Silicon Insider: Will Hulu Replace YouTube?
A joint Web venture betweeen two television companies looks promising.
March 14, 2008 — -- Hello Hulu.
Wednesday may be remembered as the day that the Big Media finally began to understand the Internet.
The occasion was the official launch of Hulu, the new broadband video site created by the partnership of NBC and News Corp. The site has been running in private beta since October (and in sorta semi-public mode for the last month) and has already gained 5 million users. That's a long ways from YouTube's 80 million, but having tried Hulu, I predict that it will catch up fast. (Hulu might even consider "graduating" the best new YouTube videos to its site and paying the honorees for the privilege.)

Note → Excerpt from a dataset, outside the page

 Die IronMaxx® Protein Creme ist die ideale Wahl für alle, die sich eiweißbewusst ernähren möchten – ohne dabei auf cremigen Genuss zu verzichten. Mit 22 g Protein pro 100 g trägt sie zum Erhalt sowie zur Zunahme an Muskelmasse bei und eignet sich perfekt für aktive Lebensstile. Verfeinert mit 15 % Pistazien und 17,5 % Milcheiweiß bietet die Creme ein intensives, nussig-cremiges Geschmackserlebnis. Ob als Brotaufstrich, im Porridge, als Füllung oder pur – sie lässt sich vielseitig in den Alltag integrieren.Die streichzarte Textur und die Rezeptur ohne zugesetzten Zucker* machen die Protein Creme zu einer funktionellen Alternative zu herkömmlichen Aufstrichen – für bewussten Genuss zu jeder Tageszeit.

That's not to say that Hulu will ever supplant YouTube. On the contrary, I suspect that they will ultimately develop an interesting symbiotic relationship with each other, with YouTube being the home of the homemade, the obscure and the populist, with Hulu (or another site like it) aggregating the professional-grade productions from movie and television studios. That's not a bad combination for us consumers.

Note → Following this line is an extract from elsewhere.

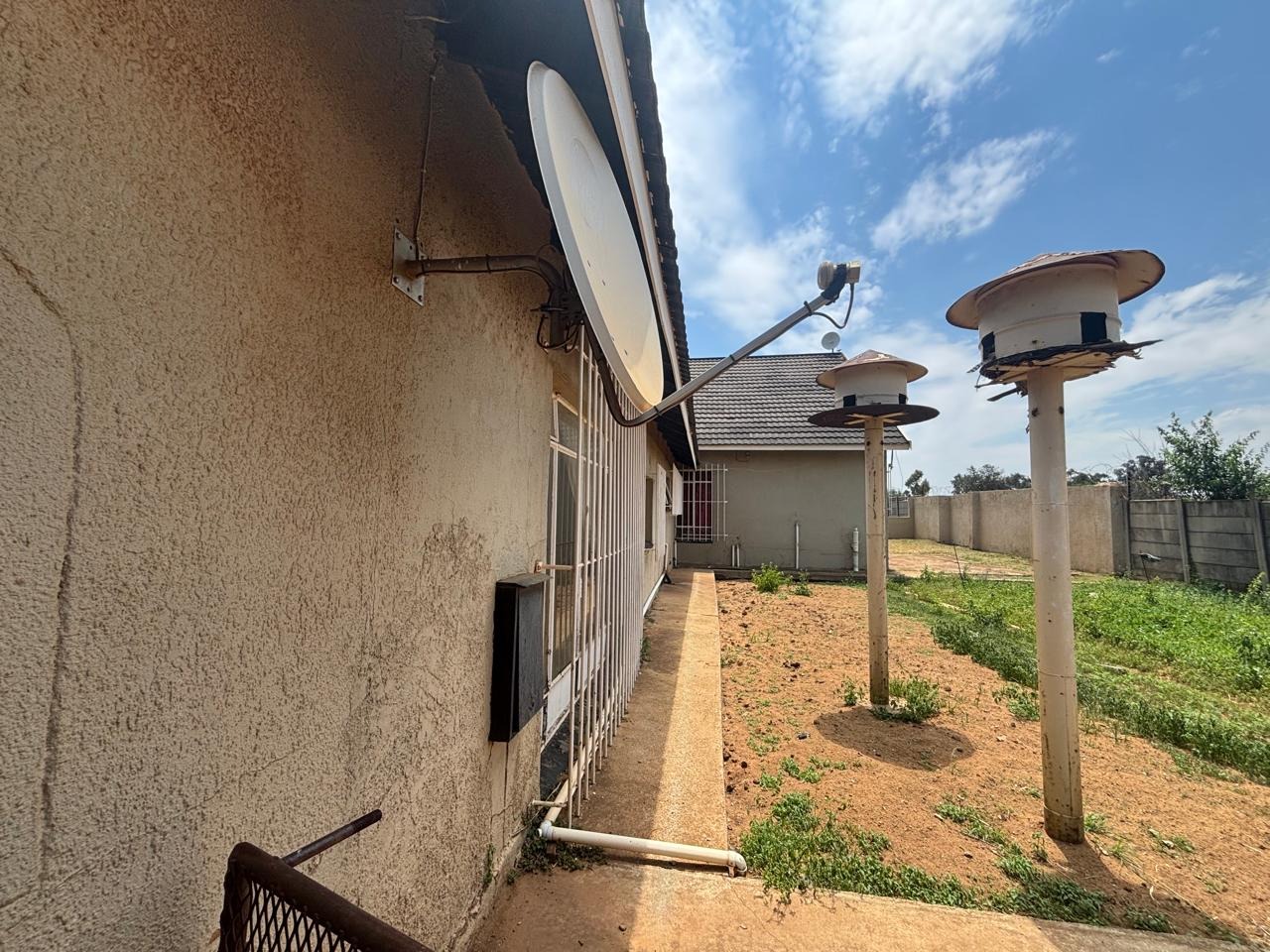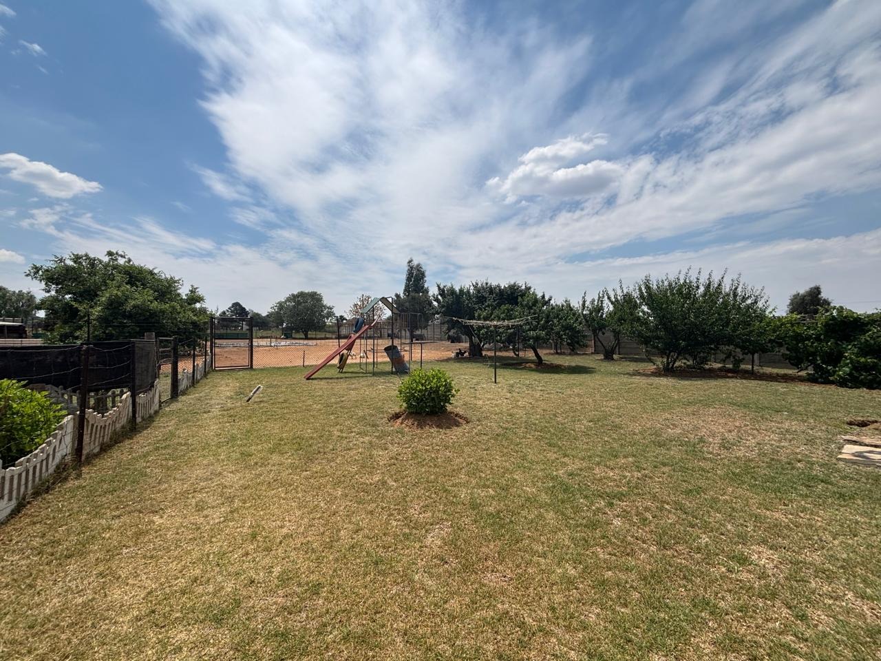 Discover an exceptional residential offering in the serene Hillside area of Randfontein, South Africa. This expansive property, boasting a substantial 17152 sqm erf and an impressive 1000 sqm under roof, presents a unique opportunity for spacious living with robust security. The exterior features a highly secure perimeter, defined by tall concrete walls, security wire, and a robust spiked access gate, ensuring privacy and peace of mind. A long, paved driveway leads into the property, flanked by mature trees that provide natural shade and a sense of established tranquility. Inside, the generously proportioned home offers five comfortable bedrooms and three well-appointed bathrooms, including two en-suite facilities, providing ample space for family and guests. The interior layout features two inviting lounges, a dedicated dining room, and a functional kitchen, all designed with an open-plan flow. Notable interior details include charming wood ceilings and sliding doors that enhance the sense of space and light. For entertainment, the property includes a built-in bar and a dedicated braai room, perfect for social gatherings. Outdoor living is a highlight, with a refreshing swimming pool and a deck for relaxation. The property also features a lapa, ideal for alfresco dining and entertaining. Practical amenities include two garages and four additional parking spaces, ensuring ample vehicle accommodation. Further enhancing convenience are staff quarters, a dedicated laundry room, and ample storage facilities. The expansive garden, though currently featuring some dry grass areas, offers significant potential for landscaping and is pet-friendly. Sustainability is addressed with a borehole and water tanks, providing a degree of water independence. Security is paramount, with an alarm system, access gate, comprehensive fencing, and burglar bars throughout the home. This property is ideal for those seeking a secure, spacious lifestyle reminiscent of country living within a convenient Randfontein location. Key Features: * 5 Bedrooms, 3 Bathrooms (2 En-suite) * 17152 sqm Erf, 1000 sqm Floor Size * 2 Lounges, Dining Room, Kitchen * Swimming Pool, Deck, Lapa, Braai Room, Built-in Bar * 2 Garages, 4 Parking Spaces * Staff Quarters, Laundry, Storage * Borehole, Water Tanks * Robust Security: Alarm, Access Gate, Fencing, Burglar Bars * Open Plan Living, Wood Ceilings, Sliding Doors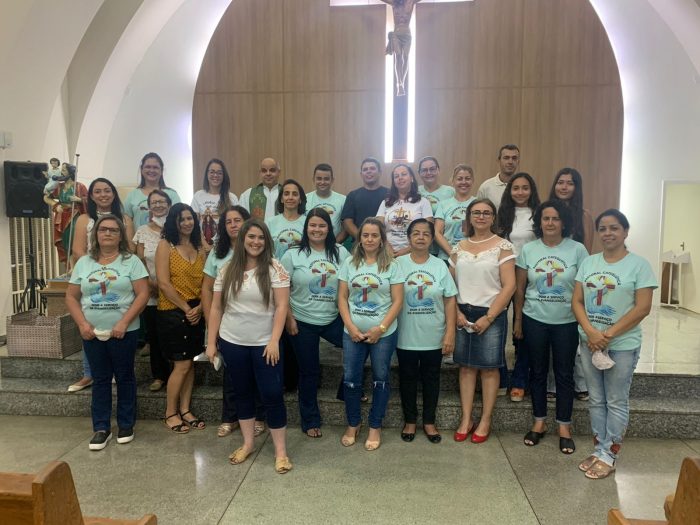 A equipe da Catequese Paroquial está recebendo novos catequistas, os quais ajudarão em novas turmas de preparação para a Primeira Eucaristia e a Crisma. Os catequistas veteranos ajudam na formação dos novos e a missão vai crescendo na comunidade eclesial.

Needless to say, Hulu also has a very different business structure from YouTube. It is not a "free" site, like YouTube. Nor does it operate like iTunes in which you have to purchase content. No, Hulu is going the Third Way, the one the television world knows best: commercials.

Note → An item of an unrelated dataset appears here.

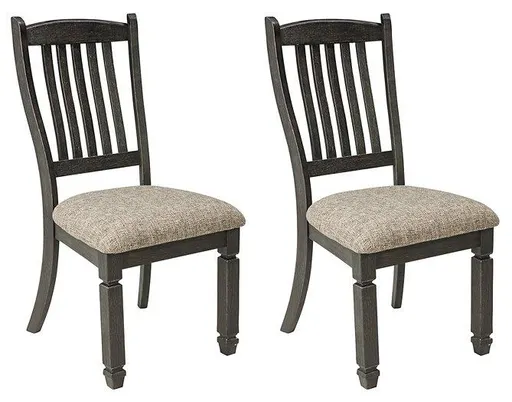 Invite your family into the heart of your home with this upholstered dining room chair. Slat back and tapered legs are a sturdy frame. Black finish is beautifully textured. Heavily woven fabric on the boxed cushion seat has a quality feel-good touch. This is trend-right urban farmhouse style.

That's sure to raise a groan out there among you readers. But the good news is that, from what I've seen, these commercials -- which run at the usual breaks in shows -- seem shorter (no local spots, like television) and of high quality. You don't like them, but you also don't insanely hate them, like we've come to do with broadcast TV commercial breaks.
What this means, in other words, is that Hulu is trying to find that sweet spot where it can compete with the online content providers, from Apple to the zillions of pirates out there, while still bringing to bear 60 years of market research and tools to maximize revenues. And this is hardly an idle exercise: with 18-25-year-olds turning away from TV toward MySpace and online gaming, the networks are looking at an aging audience -- the kind of folks who most advertisers shun.